Court Opinion

ID: 6602419
Source: CourtListenerOpinion
Date Created: 2022-07-20 20:08:55.724386+00
Date Added: 2024-06-11T15:58:03.763326
License: Public Domain

Ryan, C. J.
This was one of the kindred causes argued and decided with Marsh v. Supervisors, 42 Wis., 502. When we ruled in that case that no allowance should be taxed for any of the printed cases, we were under the belief that the same objection applied to them all. So far as this particular appeal is concerned, it now appears that we were mistaken; that the printed case here was unobjectionable, and was guilty only of being found in bad company. As the mistake was our own, we feel the greater regret that this application comes too late to correct it.

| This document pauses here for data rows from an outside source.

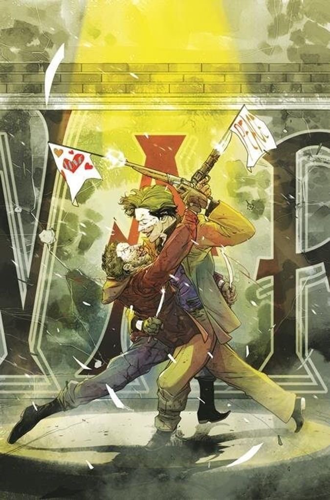 What are dark, red, and not safe for anyone? The streets of Gotham as the battle of The Jokers begins. The good news for the people of Gotham is that someone is going to finally put an end to The Joker's reign of terror. The bad news is that person will also be The Joker!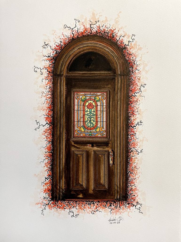 Work inspired by the series Stranger Things 4, the door and its beautiful stained glass window, a house marked by mystery, painted in watercolor and nankin, a unique piece! Paper 300 g/m Montaval.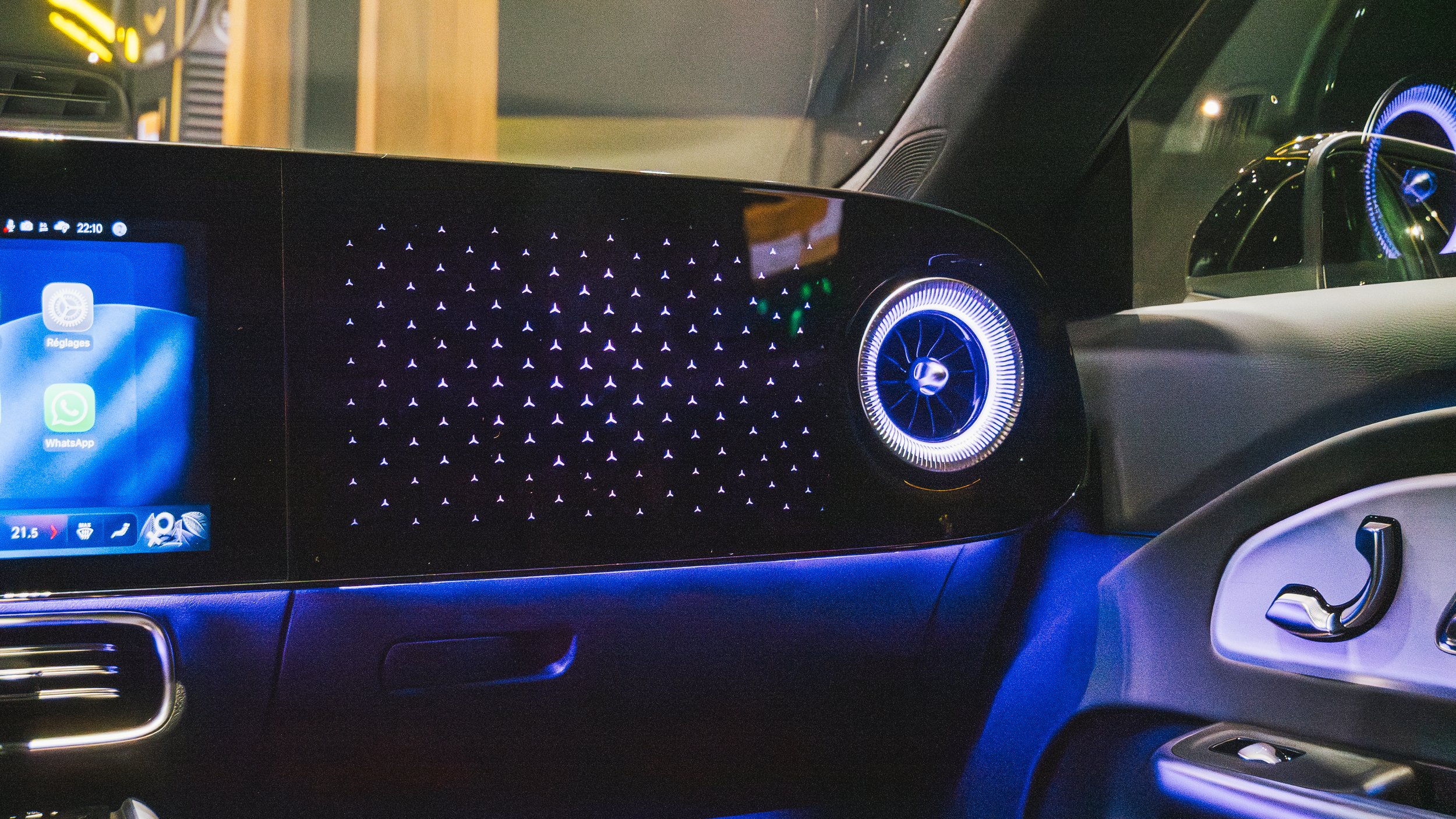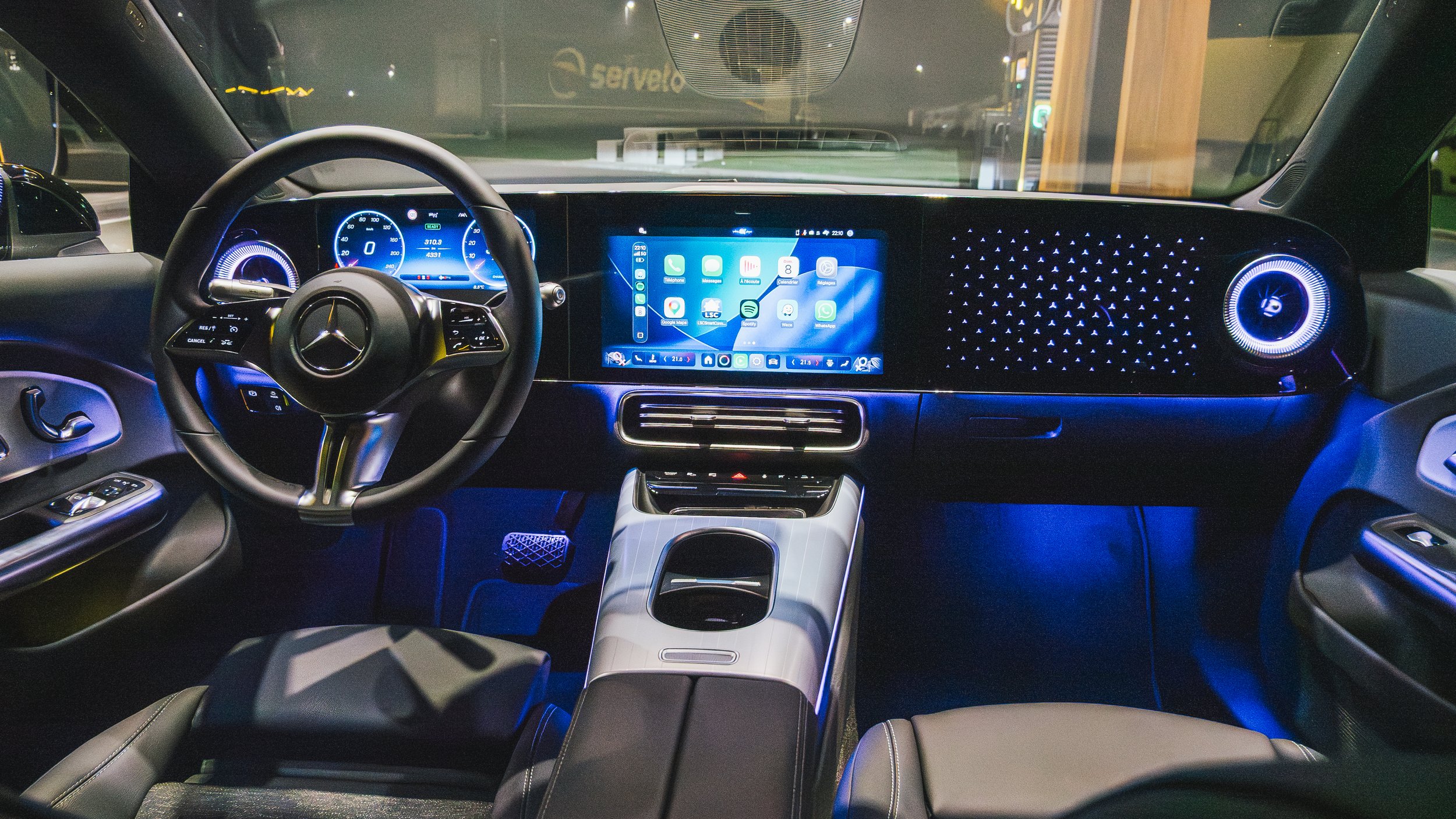 À l’intérieur, on retrouve immédiatement l’univers Mercedes. La qualité est au rendez-vous, avec des matériaux bien finis, y compris dans les parties basses de l’habitacle. Comme souvent chez Mercedes, l’éclairage d’ambiance est particulièrement réussi. De nuit, avec les différentes couleurs personnalisables, ça donne une vraie atmosphère à bord. En revanche tout n’est pas parfait. Le tableau de bord est très épuré, dominé par une grande dalle qui regroupe l’essentiel des fonctions. C’est moderne, oui, mais ça manque peut-être un peu de structure. Surtout, il n’y a quasiment plus de boutons physiques. Tout passe par l’écran. Alors oui, il est fluide, les menus sont clairs, mais à l’usage, ce n’est pas toujours le plus pratique.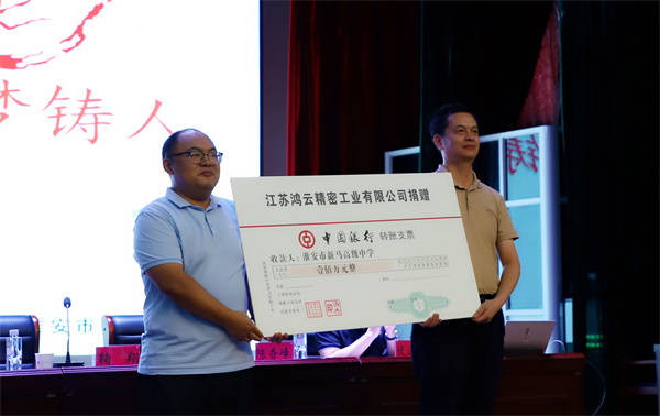 会上举行了捐赠仪式,新马高中陈香峰代表学校接受捐赠,并与江苏鸿云精密工业有限公司代表鞠翔厂长签署捐赠协议。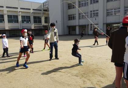 そして、昼休みには6年生からのお誘いがありました。金曜日の大なわ大会に向けて、うまく跳ぶ方法を教えてもらいました。6年生とのよい思い出ができました!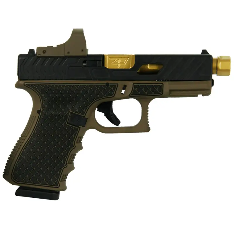 $928.99Glock 19 Gen 3 Custom “Threaded Gold Barrel Tarpon FDE Frame” Handgun 9mm Luger 15/rd Magazines (2) 4.6″ Barrel with Burris Fast Fire II Red Dot Austria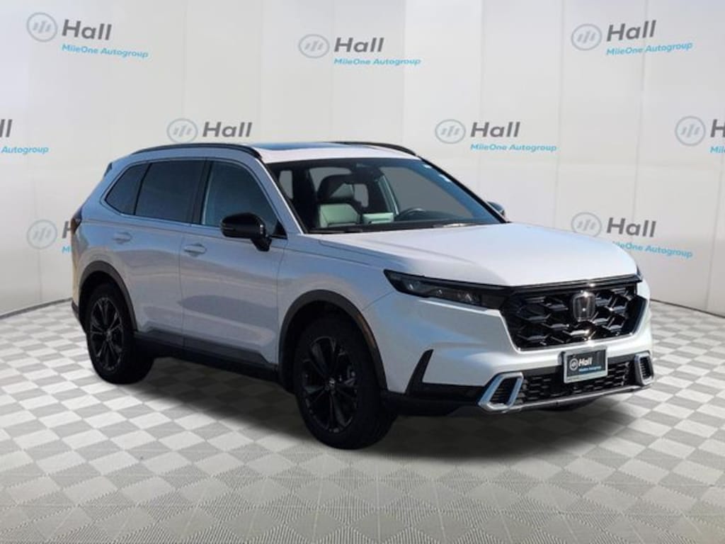 Clean CARFAX. White 2024 Honda CR-V Hybrid Sport Touring AWD eCVT 2.0L I4 DOHC 16V We are currently offering Vehicle Purchase Home Delivery by appointment. Please contact for details., 2.0L I4 DOHC 16V, 12 Speakers, 4-Wheel Disc Brakes, 4.438 Axle Ratio, ABS brakes, Adaptive Cruise Control: Adaptive Cruise Control (ACC) with Low-Speed Follow, Air Conditioning, Alloy wheels, AM/FM radio: SiriusXM, Auto High-beam Headlights, Auto-dimming Rear-View mirror, Automatic temperature control, Blind Spot Information (BSI) System warning, Brake assist, Bumpers: body-color, Compass, Delay-off headlights, Driver door bin, Driver vanity mirror, Dual front impact airbags, Dual front side impact airbags, Electronic Stability Control, Exterior Parking Camera Rear, Four wheel independent suspension, Front anti-roll bar, Front Bucket Seats, Front Center Armrest, Front dual zone A/C, Front reading lights, Fully automatic headlights, Heated door mirrors, Heated Front Bucket Seats, Heated front seats, Heated steering wheel, Illuminated entry, Knee airbag, Leather Seat Trim, Leather Shift Knob, Leather steering wheel, Low tire pressure warning, Memory seat, Navigation system: Honda Satellite-Linked Navigation System, Occupant sensing airbag, Outside temperature display, Overhead airbag, Overhead console, Panic alarm, Passenger door bin, Passenger vanity mirror, Power door mirrors, Power driver seat, Power Liftgate, Power moonroof, Power passenger seat, Power steering, Power windows, Radio data system, Radio: Bose Premium Sound System w/Navigation, Rain sensing wipers, Rear anti-roll bar, Rear reading lights, Rear seat center armrest, Rear side impact airbag, Rear window defroster, Rear window wiper, Remote keyless entry, Security system, Speed control, Speed-sensing steering, Speed-Sensitive Wipers, Split folding rear seat, Spoiler, Steering wheel mounted audio controls, Telescoping steering wheel, Tilt steering wheel, Traction control, Trip computer, Turn signal indicator mirrors, Variably intermittent wipers, Wheels: 19" Berlina Black Alloy, Wireless Apple CarPlay/Wireless Android Auto, 2.0L I4 DOHC 16V.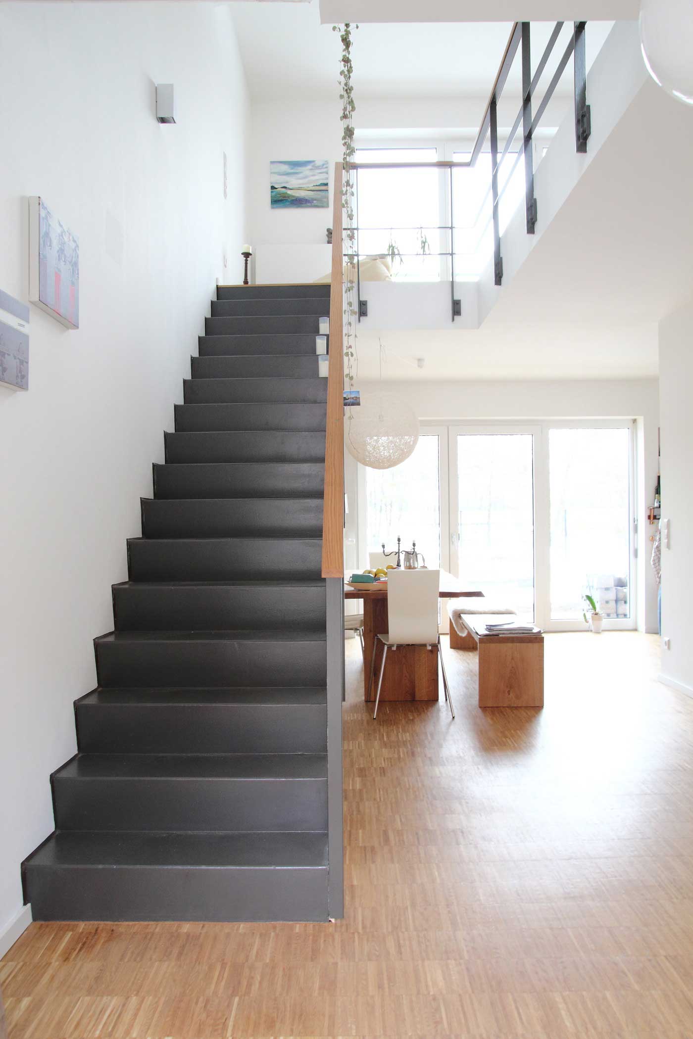 Uns war eine offene und lichtdurchflutete Wohnform wichtig. Hierfür haben wir in den ersten beiden Geschossen weitgehend auf Trennwände verzichtet. Zusätzlich haben wir durch einen Luftraum der Stahlbetontreppen eine Präsens gegeben und damit das Erdgeschoß mit dem 1. OG verbunden.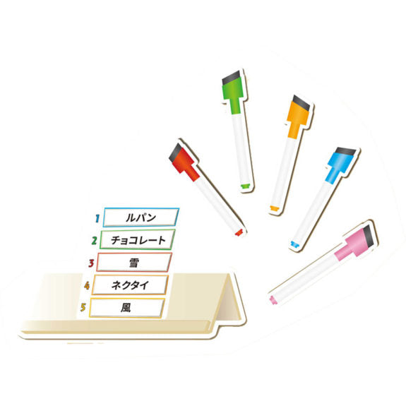 他のプレイヤーは回答者がヒミツの言葉を推理しやすいようなヒントを1つずつ考え、こっそり自分のイーゼルに記入します。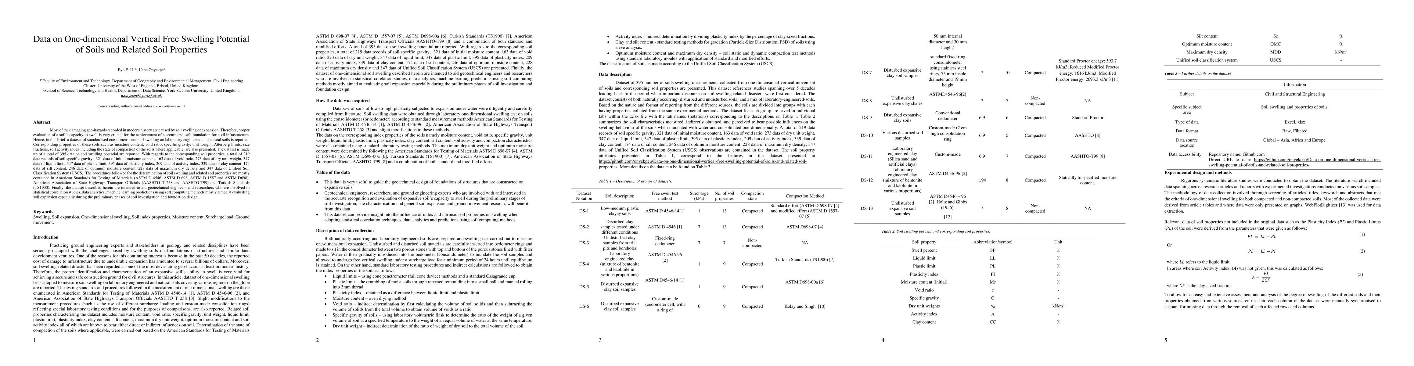 Most of the damaging geo-hazards recorded in modern history are caused by soil swelling or expansion. Therefore, proper evaluation of a soils capacity to swell is very crucial for the achievement of a secure and safe foundation for civil infrastructure. Hence, in this brief, a dataset of standardised one-dimensional soil swelling on laboratory engineered and natural soils is reported. Corresponding properties of these soils such as moisture content, void ratio, specific gravity, unit weight, Atterberg limits, size fractions, soil activity index including the state of compaction of the soils where applicable, are also presented. The dataset is made up of a total of 395 data on soil swelling potential are reported. With regards to the corresponding soil properties, a total of 219 data records of soil specific gravity, 321 data of initial moisture content, 163 data of void ratio, 273 data of dry unit weight, 347 data of liquid limit, 347 data of plastic limit, 395 data of plasticity index, 209 data of activity index, 339 data of clay content, 174 data of silt content, 246 data of optimum moisture content, 228 data of maximum dry density and 347 data of Unified Soil Classification System (USCS). The procedures followed for the determination of soil swelling and related soil properties are mostly contained in American Standards for Testing of Materials (ASTM D 4546, ASTM D 698, ASTM D 1557 and ASTM D698), American Association of State Highways Transport Officials (AASHTO T 258 and AASHTO-T99) and Turkish Standards (TS1900). Finally, the dataset described herein are intended to aid geotechnical engineers and researchers who are involved in statistical correlation studies, data analytics, machine learning predictions using soft computing methods mostly aimed at evaluating soil expansion especially during the preliminary phases of soil investigation and foundation design.

Where an error arises in the taxation of costs by mere mistake of the clerk, it is not necessary here, and we are not prepared, to say that the taxation may not remain within the power of the court, after jurisdiction of the appeal has ceased *255by the statute, or even after the term. But here the mistake is not the mistake of the clerk. The clerk strictly followed the direction of the court, in a matter, on which the mind of the court expressly acted, as expressly as upon the judgment of the appeal itself.. The thirty days’ jurisdiction of the appeal, after judgment, and the term of judgment, had both passed before this appeal from the clerk’s taxation was taken. And, under all the cases, we are now powerless to correct our own mistake. We are, therefore, reluctantly compelled to hold that we have lost all authority to review the clerk’s taxation, because we have lost all jurisdiction to review our own error governing the taxation.